A voice, ‘The same as vails.’

Another, ‘Advantages on the side, like.’

‘There is the rope, of course. He can get half a crown an inch for a rope that hanged a right willain. And there are the clothes, bought by them that think a pair of pissed and shitten breeches...’

‘Now then, Killick,’ cried Poll, ‘this ain’t one of your Wapping ale-houses or knocking-kens, so clap a stopper over that kind of talk. “Soiled linen” is what you mean.’

are worth a guinea, for the sake of the luck they bring. But most of all it is the Hand of Glory that makes the hangman so eager for the work. Because why? Because it too is worth its weight in gold... well, in silver.’

‘What’s a Hand of Glory?’ asked the nervous voice.
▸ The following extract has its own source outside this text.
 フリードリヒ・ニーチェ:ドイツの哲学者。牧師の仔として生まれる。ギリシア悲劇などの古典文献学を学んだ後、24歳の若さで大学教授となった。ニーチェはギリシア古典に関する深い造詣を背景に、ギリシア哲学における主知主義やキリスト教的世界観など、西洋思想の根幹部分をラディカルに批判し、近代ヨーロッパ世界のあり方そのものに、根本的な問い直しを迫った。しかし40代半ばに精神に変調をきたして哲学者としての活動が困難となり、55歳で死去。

‘Which it is the hand that did the deed - ripped the young girl up or slit the old gentleman’s throat - and that the hangman cuts off and holds up. And our Doctor has one in a jar which he keeps secret in the cabin and looks at by night with his mate, talking very low.’
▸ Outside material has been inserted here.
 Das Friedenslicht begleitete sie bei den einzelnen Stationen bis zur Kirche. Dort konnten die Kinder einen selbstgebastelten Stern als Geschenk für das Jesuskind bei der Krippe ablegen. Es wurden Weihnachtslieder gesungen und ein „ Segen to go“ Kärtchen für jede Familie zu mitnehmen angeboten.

The uneasy silence was broken by a hail from the forecastle lookout: ‘Land, ho. Land fine on the starboard bow.’

It was the island of Alboran, almost exactly where it ought to be but slightly earlier than Jack had expected. He altered course a trifle and stood straight on for Mahon.
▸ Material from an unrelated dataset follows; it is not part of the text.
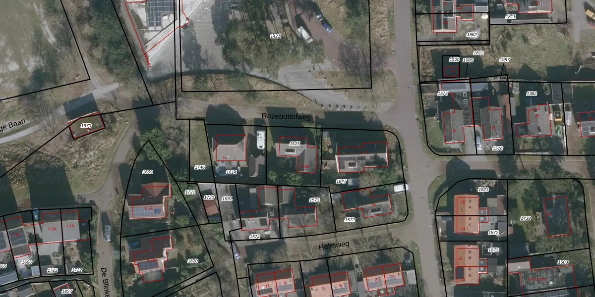 Rozebottelweg 9-B is gelegen op kadastraal perceel VLD01A1615. Deze kadastrale aanduiding is uniek en wordt gebruikt door het Kadaster om eigendomsrechten en andere zakelijke rechten vast te leggen. Het perceel maakt onderdeel uit van de kadastrale gemeente Vlieland.

There were some rather dull sailers in Jack Aubrey’s squadron, and it was not until Tuesday afternoon that they rounded Ayre Island, standing for Cape Mola and the narrow entrance, with the breeze just before the beam and the larboard tacks aboard.

The Commodore knew Port Mahon intimately well and he took the lead, beginning his salute at exactly the right distance from the great batteries and sailing on until the port-captain’s boat hailed him, desiring him to take up his old moorings with the others astern of him.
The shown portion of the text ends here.